Stein explains, “Had Democrat Tony Evers lost reelection as governor, or had the GOP achieved supermajority control of both houses of Wisconsin’s legislature, Republicans could have exercised total control over the swing state’s levers of power — and ensured that its Electoral College votes never again helped (President Joe) Biden or any other Democrat win the White House…. Wisconsin has the most gerrymandered legislative map in the country, designed to ensure the GOP has as easy a path as possible to capture majorities in the legislature, according to a University of Wisconsin-Madison study.”

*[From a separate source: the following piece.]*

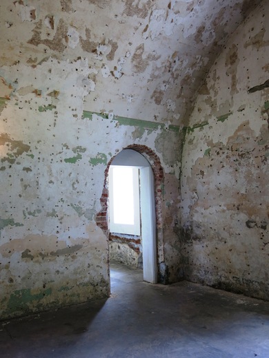 The walls in this room are designed to control the accidental detonation of a cannonball.

Wisconsin used to be a deep blue state. In the 1988 presidential election, Democratic nominee Mike Dukakis lost to then-Vice President George H.W. Bush in California, Maryland, Colorado, New Jersey, Pennsylvania, Delaware, Connecticut and Nevada but carried Wisconsin by 4 percent. During the Barack Obama years, however, Republicans gained a lot of ground in Wisconsin.

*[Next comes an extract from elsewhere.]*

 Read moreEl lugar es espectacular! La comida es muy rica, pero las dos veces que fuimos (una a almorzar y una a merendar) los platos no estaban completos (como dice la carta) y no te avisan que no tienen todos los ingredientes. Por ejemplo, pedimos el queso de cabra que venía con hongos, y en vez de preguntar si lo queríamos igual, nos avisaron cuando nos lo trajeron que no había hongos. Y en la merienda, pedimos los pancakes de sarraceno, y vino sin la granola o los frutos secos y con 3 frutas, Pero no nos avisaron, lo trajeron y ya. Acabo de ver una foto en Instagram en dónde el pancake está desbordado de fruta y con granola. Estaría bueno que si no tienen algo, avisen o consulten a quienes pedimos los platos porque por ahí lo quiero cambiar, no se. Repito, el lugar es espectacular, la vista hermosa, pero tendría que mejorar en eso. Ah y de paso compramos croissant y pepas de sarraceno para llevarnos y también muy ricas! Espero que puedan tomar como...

Wikler told The Guardian, “It’s a state where Republicans have tried to engineer things to make it voter-proof. All of that meant that, this election cycle, the stakes were explosively high…. When the state has election after election that comes down to tiny margins, even a relatively small shift in the rules can have an enormous impact on statewide races and presidential races.”

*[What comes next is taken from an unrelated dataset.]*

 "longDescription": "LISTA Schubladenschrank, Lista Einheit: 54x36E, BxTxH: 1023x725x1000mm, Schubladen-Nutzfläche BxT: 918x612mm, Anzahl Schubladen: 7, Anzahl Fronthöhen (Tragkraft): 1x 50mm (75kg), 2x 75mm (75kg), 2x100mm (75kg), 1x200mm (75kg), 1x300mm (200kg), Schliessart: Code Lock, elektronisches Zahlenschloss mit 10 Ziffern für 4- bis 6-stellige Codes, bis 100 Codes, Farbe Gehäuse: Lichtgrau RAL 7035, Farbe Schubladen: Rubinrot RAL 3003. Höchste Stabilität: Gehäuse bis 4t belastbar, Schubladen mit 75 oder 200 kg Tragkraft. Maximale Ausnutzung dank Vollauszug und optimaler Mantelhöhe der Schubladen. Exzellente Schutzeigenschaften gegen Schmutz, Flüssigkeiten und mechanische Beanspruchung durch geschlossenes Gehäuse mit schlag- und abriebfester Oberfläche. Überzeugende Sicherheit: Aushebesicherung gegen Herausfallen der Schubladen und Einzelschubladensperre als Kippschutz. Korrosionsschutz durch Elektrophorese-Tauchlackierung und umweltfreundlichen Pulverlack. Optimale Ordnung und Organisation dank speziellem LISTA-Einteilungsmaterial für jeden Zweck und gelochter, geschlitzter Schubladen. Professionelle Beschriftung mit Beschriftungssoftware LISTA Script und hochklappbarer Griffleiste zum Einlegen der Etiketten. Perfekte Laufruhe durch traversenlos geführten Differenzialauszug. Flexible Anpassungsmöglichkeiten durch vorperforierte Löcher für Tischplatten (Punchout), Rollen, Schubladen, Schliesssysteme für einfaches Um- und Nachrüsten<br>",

In 2020’s presidential, Biden defeated Trump by more than 7 million votes and picked up 306 electoral votes despite losing Florida — a state that has become increasingly difficult for Democrats. Florida will have 30 electoral votes in 2024, and many Democratic strategists are feeling quite pessimistic about the Sunshine State — which makes Wisconsin, Arizona, Pennsylvania, Michigan and Georgia (all of which Biden won) even more important for them.
Wikler, according to Stein, “now sees an opportunity for” the Wisconsin Democratic Party “to undo the state’s gerrymandered maps, and take back control of the legislature, starting with an election for the state supreme court in April.”
Wikler told The Guardian, “That’s the north star of the party — it’s to have a Democratic governor.… a non-Republican majority on the (Wisconsin) State Supreme Court, Democratic majorities in the State Assembly and State Senate, and pass the agenda that Wisconsinites have been yearning for for the last decade into law in one legislative session.”